Atul S Rathore, Sathiyanarayanan L and Kakasaheb R Mahadik*
Centre for Advanced Research in Pharmaceutical Sciences, Poona College of Pharmacy, Bharati Vidyapeeth (Deemed University), Pune, Maharashtra, India, E-mail: krmahadik@rediffmail.com
*Corresponding Author: Kakasaheb R Mahadik, Centre for Advanced Research in Pharmaceutical Sciences, Poona College of Pharmacy, Bharati Vidyapeeth (Deemed University), Pune-411 038, Maharashtra, India, Tel: +912025437237 Email:

Abstract

The developing countries mostly trust on traditional remedies, which include the use of different plant extracts or the bioactive phytoconstituents. For this purpose, analysis such as chemical fingerprinting strongly represents one of the best possibilities in searching of new economic and therapeutically effective plants for medicine. Mallotus philippinensis Muell. Arg (Euphorbiaceae) is a large genus of the trees and shrubs mainly distributed in the tropical and subtropical regions and are reported to have widespread range of pharmacological activities. A new, simple and rapid ultraperformance liquid chromatography (UPLC) method with photodiode array (PDA) detector has been developed. Further confirmation was performed by electrospray ionization mass spectrometry (ESI-MS) for the chemical fingerprint analysis in extracts of Mallotus philippinensis. The chromatographic separations were obtained on a Waters ACQUITY UPLC BEH C18 (2.1 mm × 50 mm, 1.7 μm) column using a gradient elution with 0.1% (v/v) formic acid/water and acetonitrile as mobile phase at a flow rate of 0.4 mL/min. The UPLC-PDA-ESI-MS characteristic fingerprints were established and 7 characteristic peaks were identified along with 5 unknown peaks within 4.5 min by comparing the retention times, λ max (nm), and MS spectra with the literature data. Therefore, this fingerprint analysis method can be applied for the identification and quality control of Mallotus philippinensis.

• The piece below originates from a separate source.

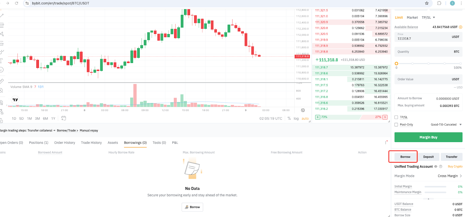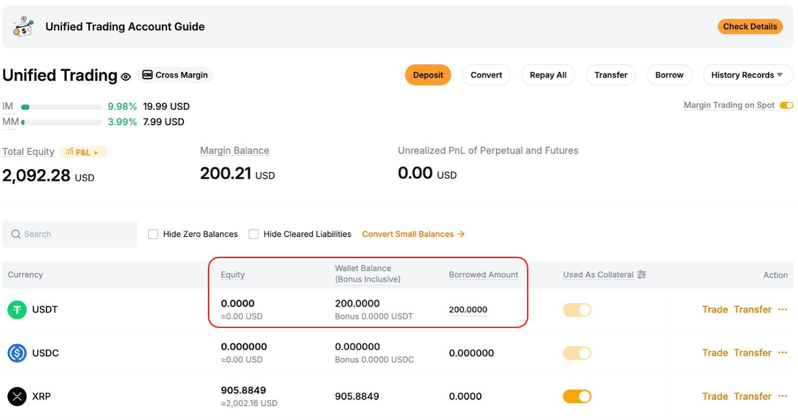 Наприклад, якщо ви позичили BTC, але наразі його не маєте, то купівля BTC за USDT у спотовій парі BTC/USDT автоматично зарахується як погашення боргу. Отриманий BTC вважається таким, що був переказаний на ваш Єдиний Торговий Акаунт.

Keywords: Mallotus philippinensis; Euphorbiaceae; UPLC; PDA; Chemical Fingerprinting; ESI-MS

Introduction

Mallotus philippinensis Muell. (commonly called Kamala, Kampillaka, and Kapila) is belonging to the family Euphorbiaceae and is a very common perennial shrub or small tree found in the outer Himalayas ascending to 1500 meters [1,2]. Mature fruits have glandular hairs/trichomes collected as a reddish brown powder by shaking and rubbing the fruits by hand. The collected material is fine, granular powder, dull red, or madder red-colored and easily floats on water. Mallotus philippinensis (M. philippinensis) has a widespread natural distribution, from the western Himalayas, Western Ghats through India, Sri Lanka, to southern China, and throughout Malaysia to Australia.

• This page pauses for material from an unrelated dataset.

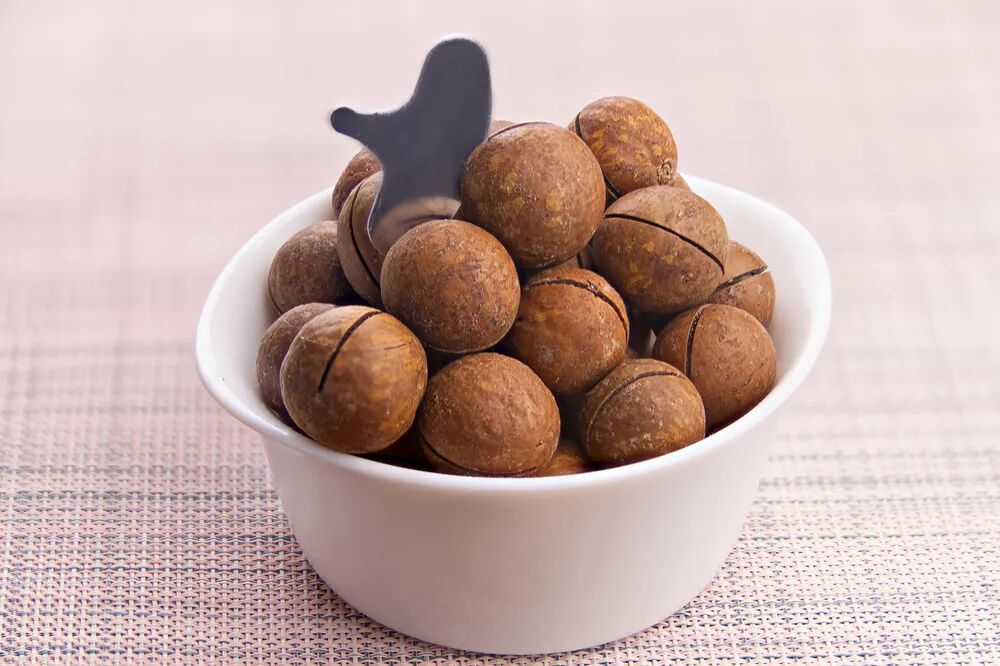 夏威夷果还有一个名字,叫澳洲核桃,这么说大家就明白了,它的生长过程和核桃很像,不过它喜欢阳光充足、温暖湿润的环境,长相比北方核桃要圆润多了。

M. philippinensis possess various pharmacological activities such as, antifilarial [3], anticancer, antimicrobial, antiparasitic, anti-inflammatory, immune-regulatory and antioxidant [4-7]. This plant is traditionally used as an anthelmintic, purgative, anti-allergic, carminative and also useful in the treatment of bronchitis, abdominal diseases, spleen enlargement [1,8]. Major phytochemicals present in this genus comprise of different natural compounds, generally phenols, diterpenoids, steroids, flavonoids, cardenolides, triterpenoids, coumarin and isocoumarins [1,9-11]. Current knowledge about this endangered medicinal plant is still inadequate concerning its phytochemistry and biological activity. Although, some researchers have contributed towards the isolation of certain novel constituents and their activity. One of the major anticancer potential phytoconstituent of M. philippinensis is Rottlerin (1-[6-[(3-acetyl-2,4,6-trihydroxy-5-methylphenyl)methyl]-5,7-dihydroxy-2,2-dimethyl-2H-1-benzopyran-8-yl]-3-phenyl-2 propen-1-one) [12]. In recent years, chromatographic fingerprinting has been found to be a suitable approach for the quality assessment and control of many natural product/herbal medicines. Few analytical studies were performed on M. philippinensis using high-performance liquid chromatography technique [5,7,13-16]. These methods reported chemical fingerprinting limited only for those peaks which are responsible for particular pharmacological activity and were not extensive. Though, the above methods are very time-consuming with longer run times, low sensitivity and specificity, so they are inappropriate for the analysis of multiple compounds for the authentication of M. philippinensis. As a modern-day separation and detection method, ultra-performance liquid chromatography (UPLC) with photodiode array (PDA) coupled with electrospray ionization (ESI) mass spectrometry has attracted increasing attention because of its short analysis time, high throughput, greater resolution, higher peak capacity, lower solvent consumption and extremely high sensitivity. In the present study, UPLC-PDA method have been developed for the chemical fingerprint analysis of chemical constituents in M. philippinensis. Also, UPLC coupled with mass spectrometry with electrospray ionization (ESI) interface is defined for the confirmation of phytoconstituents.

Materials And Methods

Reagents and chemicals

Methanol, acetonitrile (LC-MS grade) and formic acid (analytical grade) were of from Fluka (Sigma Aldrich, St. Louis, MO, USA). Ultra high purity water was prepared using a Milli-Q water purification system (Millipore Corporation, Bedford, MA, USA).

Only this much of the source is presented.